[Records contained in a dataset]
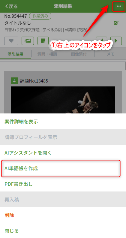 添削結果を開き、右側の「・・・」アイコンをタップすると、「AI単語帳を作成」ボタンが表示されます。
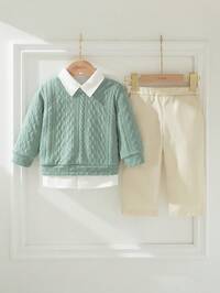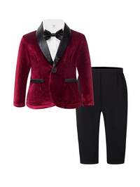 SouflisSHEIN 2pcs/Set Baby Boy Green Velvet Blazer Jacket & Black Pants Outfit, Gentleman Suit, Suitable For Indoor, Outdoor, Daily, Sports, Play, Party, Photo Shoot, Wedding, Baby Shower, Christening, 1st Birthday Celebration, Elegant, Wedding Guest, Pageboy, Ring Boy, Wedding, Festival, Halloween, Christmas, New Year In Fall/Winter
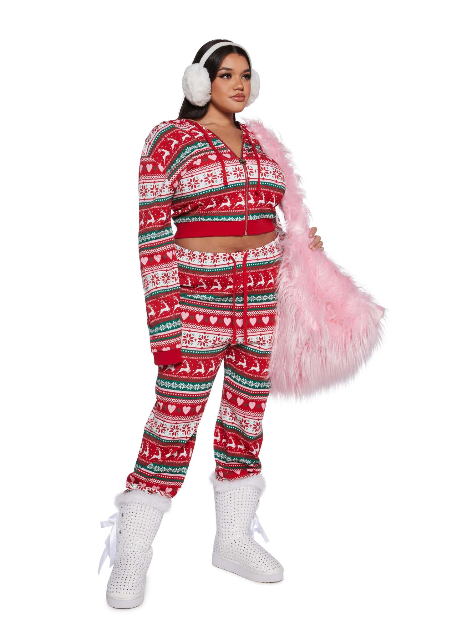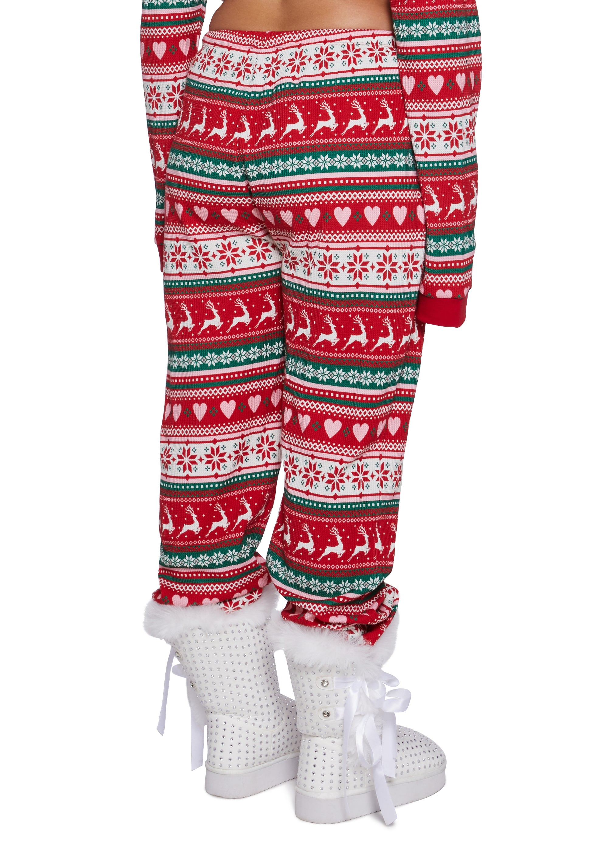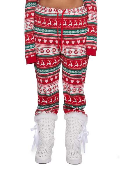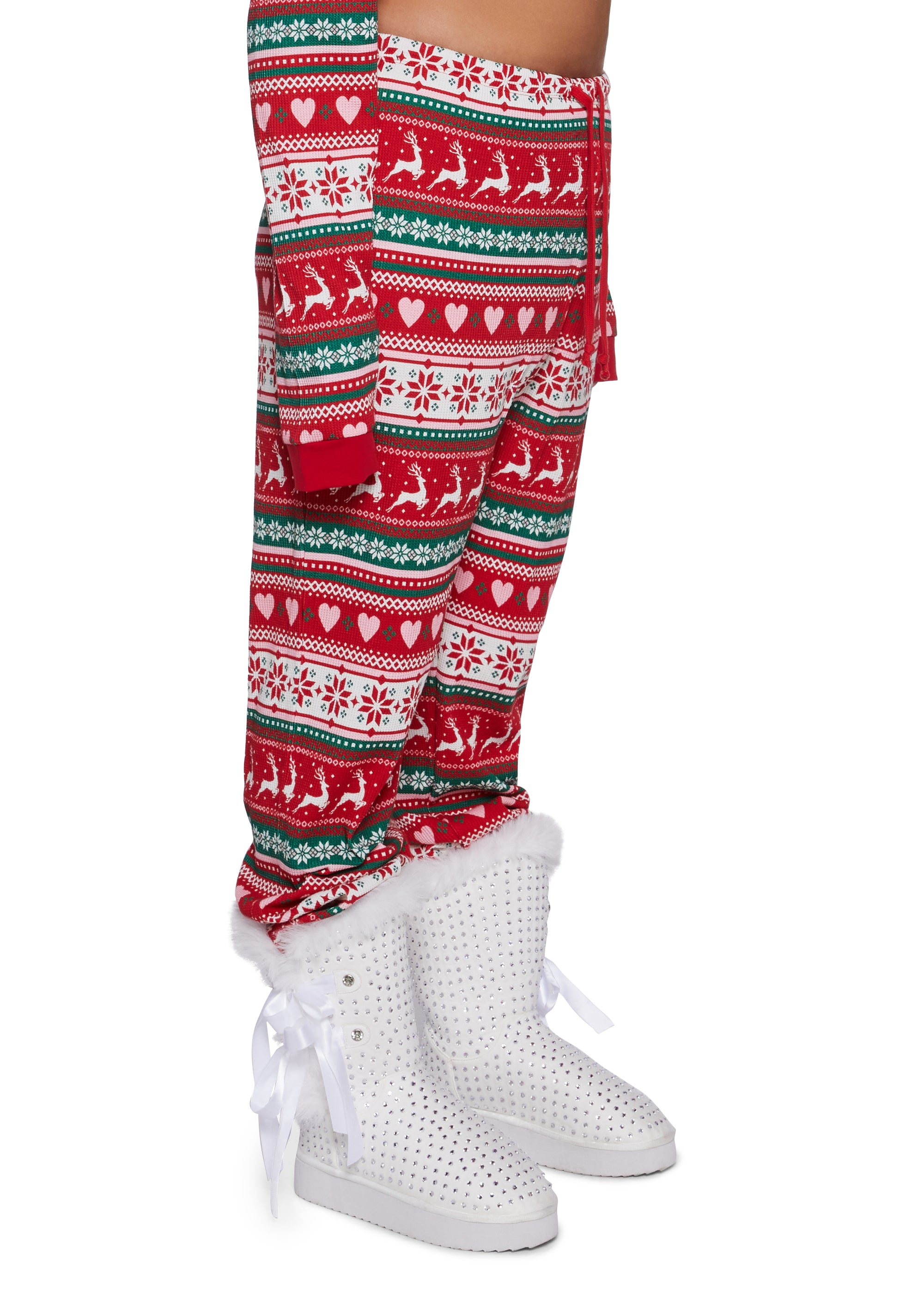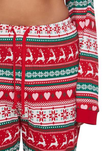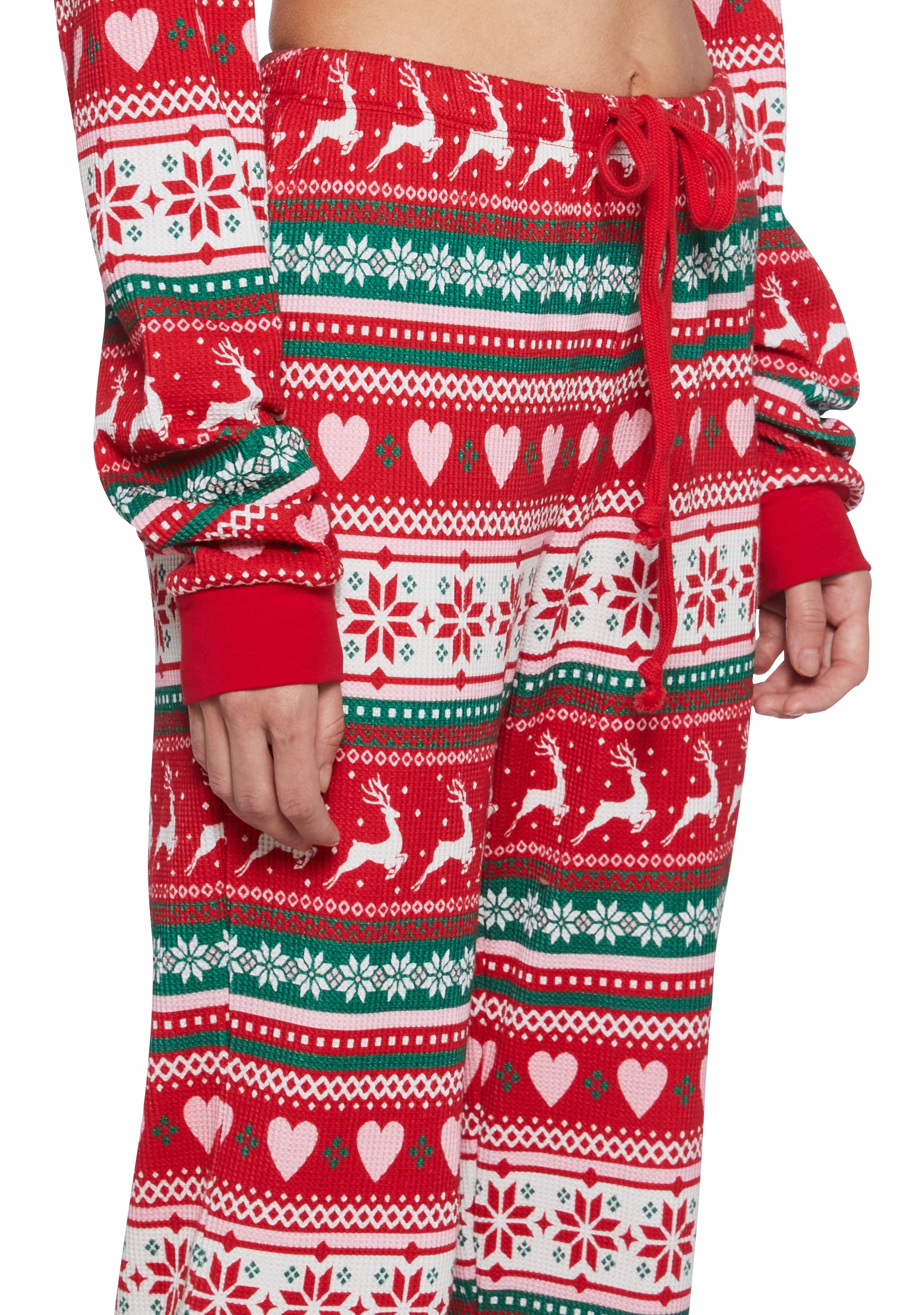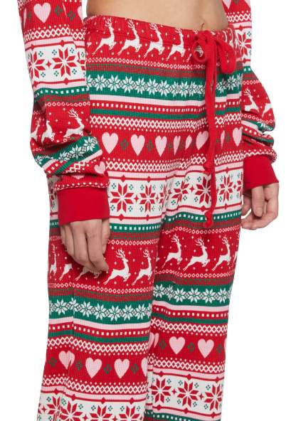 Cozy up by the fireside in these lounge pants, featuring a waffle knit construction, an intarsia design of reindeer, snowflakes and hearts, an elastic waistband, and an adjustable drawstring closure.
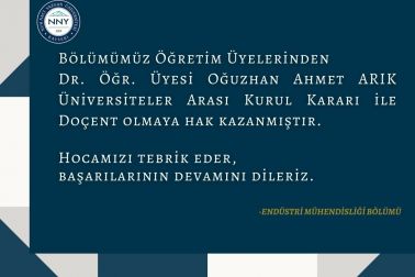 Bölümümüz Öğretim Üyelerinden Dr. Öğr. Üyesi Oğuzhan Ahmet Arık Üniversiteler Arası Kurul Kararı ile Doçent olmaya hak kazanmıştır.
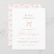 この祝とピかわいらしンク弓テーマの赤ちゃんシャワー予算の招待と喜びのあなたの近日来のバンドル。小文字エレガントのセリフタイポグラフィ、赤面ピンクのスクリプトレタリング、水色の弓を搭載。テーマシンプル付きの赤ちゃんシャワーに理想的なお祝いとミニマルなデザインガーリー、この招待は思い出に残るイベントのトーンを設定する。ザッカスタマイズズルの直観的なデザインツールを使用して詳細を送信しスタイリッシュて、彼らが愛する心温まる招待状!Zazzleの予算選択の一部として、このシートは標準的なカー来ドサイズではない。このデザインを標準カードで取得するには、コレクション内で見つけるか、Zazzle Make Machineを使用して希望の製品に転送する。このページにリンクされたコレクションを表示するか、詳細については当社のストアを参照デザイン!
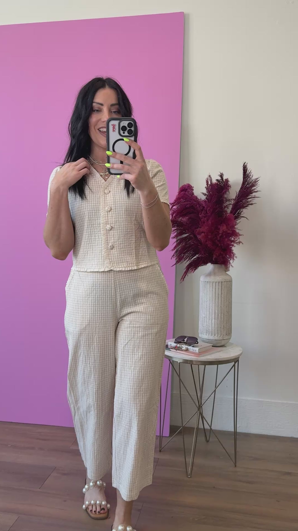 The Emery Gingham Pants bring timeless charm to your everyday wardrobe. The classic pattern and neutral beige tone make them incredibly versatile—pair them with our matching top for a coordinated look, or style them with your favorite tees and blouses for endless combinations. The straight leg silhouette offers comfortable, all-day wear. Perfect for casual outings, work settings, or relaxed weekends, these pants are a foundational piece that works hard in your closet.
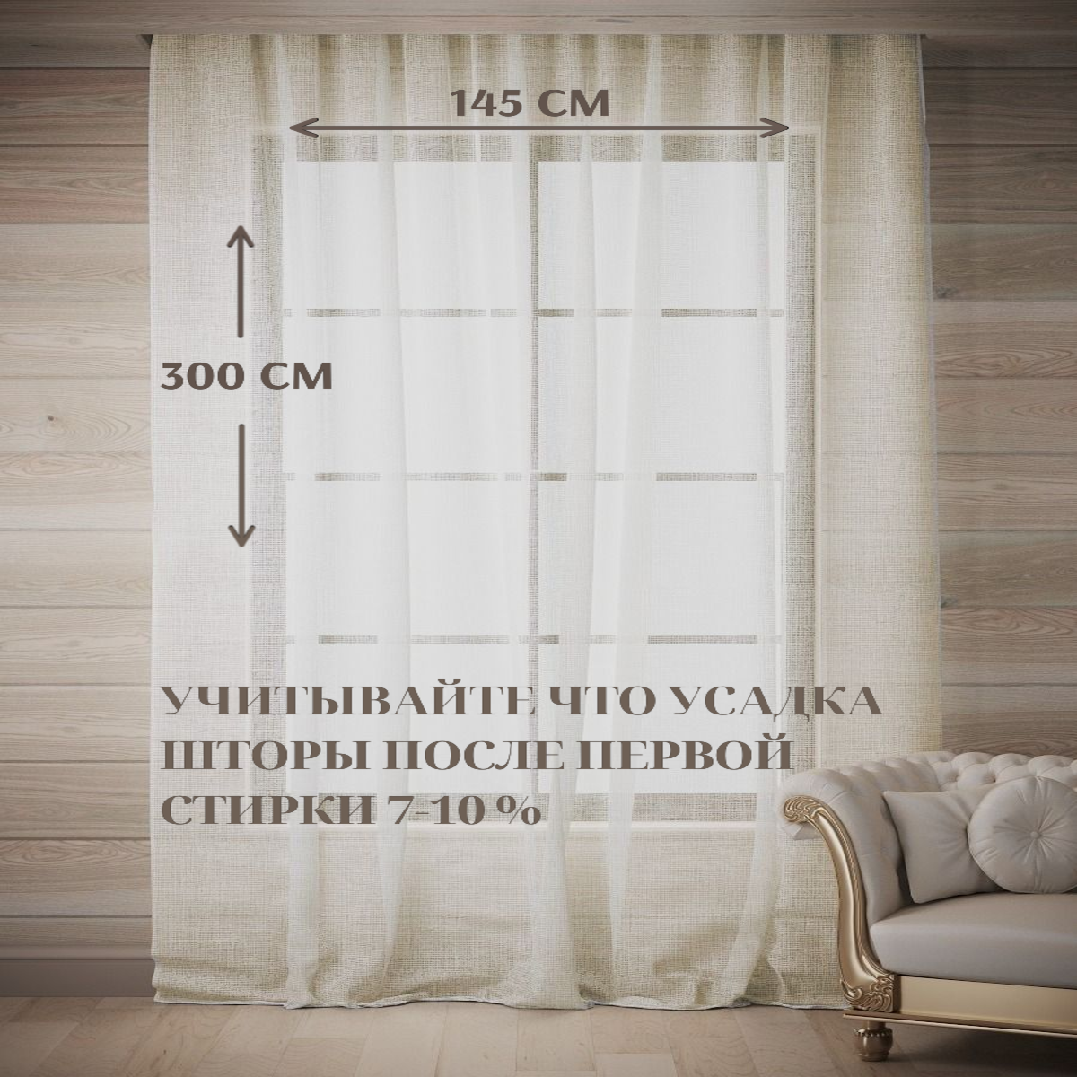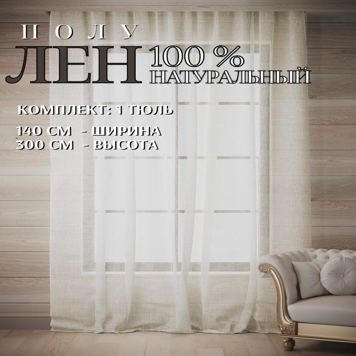 Отзывы на Тюль Лен Хлопок ПолуЛен 100% натуральный, Ш*В - 145*300см, бежевый
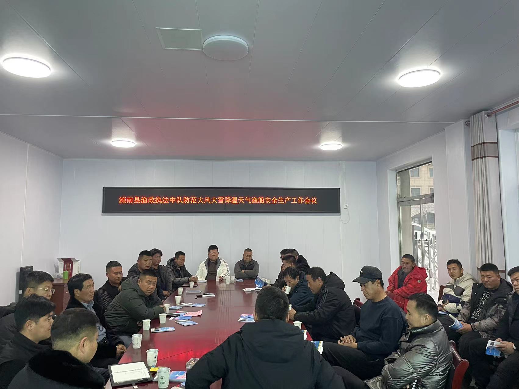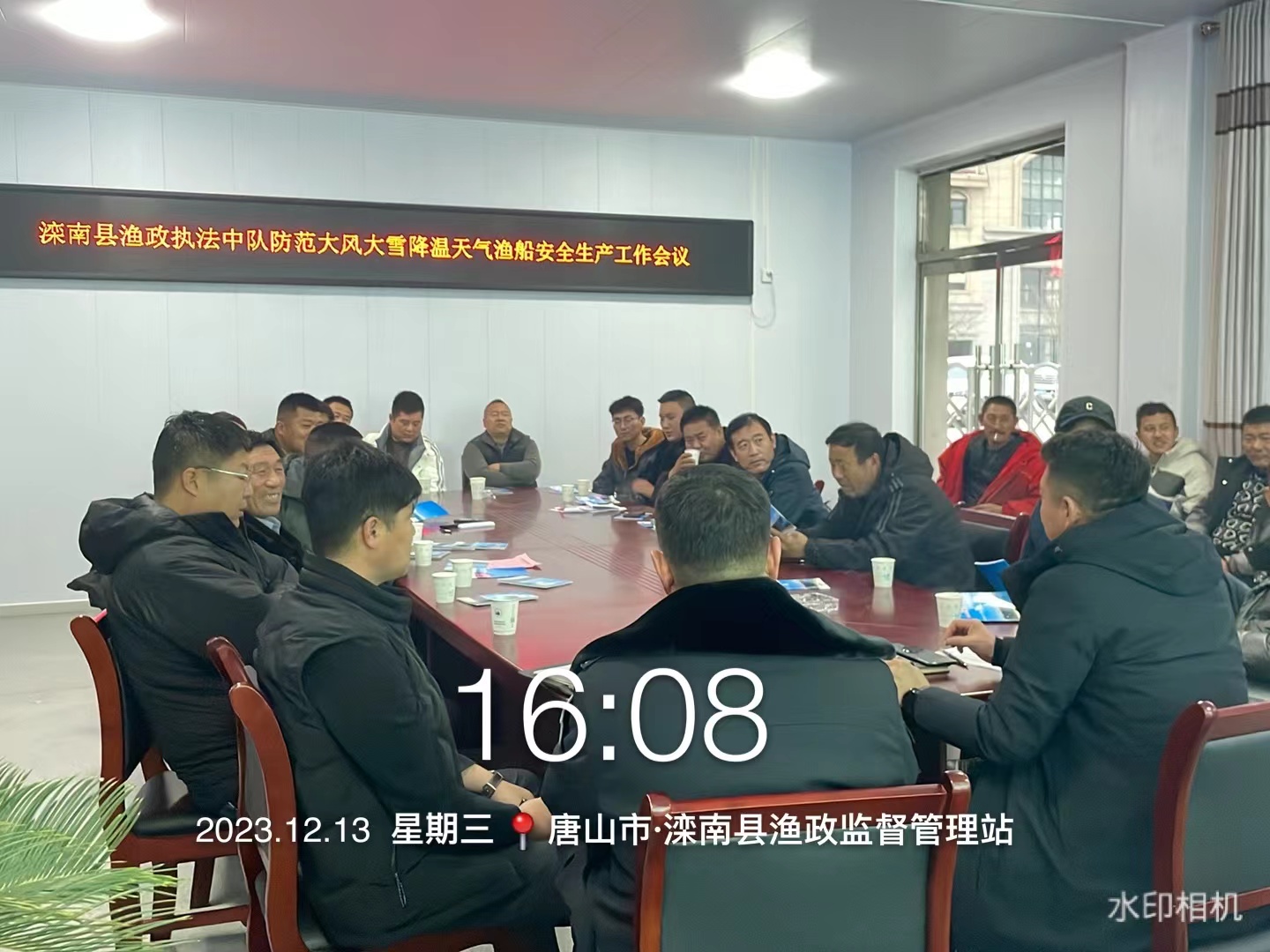 为应对大风暴雪恶劣天气,传达市局渔业安全生产调度会安排部署,12月13日,滦南县农业农村局渔政执法中队组织船队长召开防范大风大雪降温天气渔船安全生产工作会议。会议主要围绕冬季大风大雪降温天气,各船长要提高安全生产责任意识展开。并建立船队长联系群,督促渔民回港避风、渔船靠港防火防风防雪,谨防冬季落水事故发生,做好各项大风暴雪防范措施,切实保障我县渔民生命财产安全。
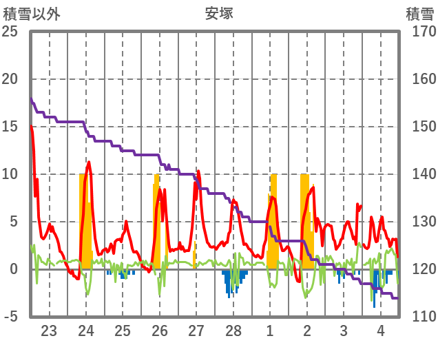 | 日 | 時 | 気温 | 降水 | 風向/風速 | 日照 | 積雪 | 降雪 |
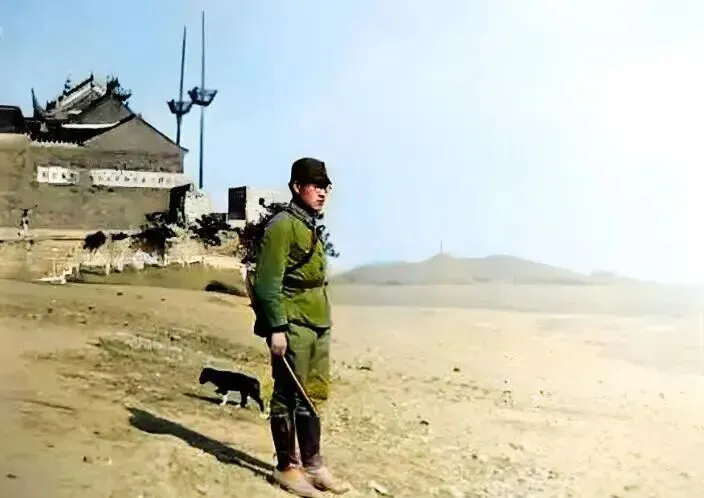 也许是为了查看地形,或者想炫耀自己的侵占能力,他在中庙前拍下了这张个人照。那时候,很多日寇都会把侵华时期拍的照片寄回家里。

**INSTRUCTIONS TO FOLLOW:**
Write out each line of the data above exactly, starting at the top and finishing with the line containing "Cozy up by the"; omit the pictures.

**EXPECTED OUTPUT:**
 添削結果を開き、右側の「・・・」アイコンをタップすると、「AI単語帳を作成」ボタンが表示されます。
 SouflisSHEIN 2pcs/Set Baby Boy Green Velvet Blazer Jacket & Black Pants Outfit, Gentleman Suit, Suitable For Indoor, Outdoor, Daily, Sports, Play, Party, Photo Shoot, Wedding, Baby Shower, Christening, 1st Birthday Celebration, Elegant, Wedding Guest, Pageboy, Ring Boy, Wedding, Festival, Halloween, Christmas, New Year In Fall/Winter
 Cozy up by the fireside in these lounge pants, featuring a waffle knit construction, an intarsia design of reindeer, snowflakes and hearts, an elastic waistband, and an adjustable drawstring closure.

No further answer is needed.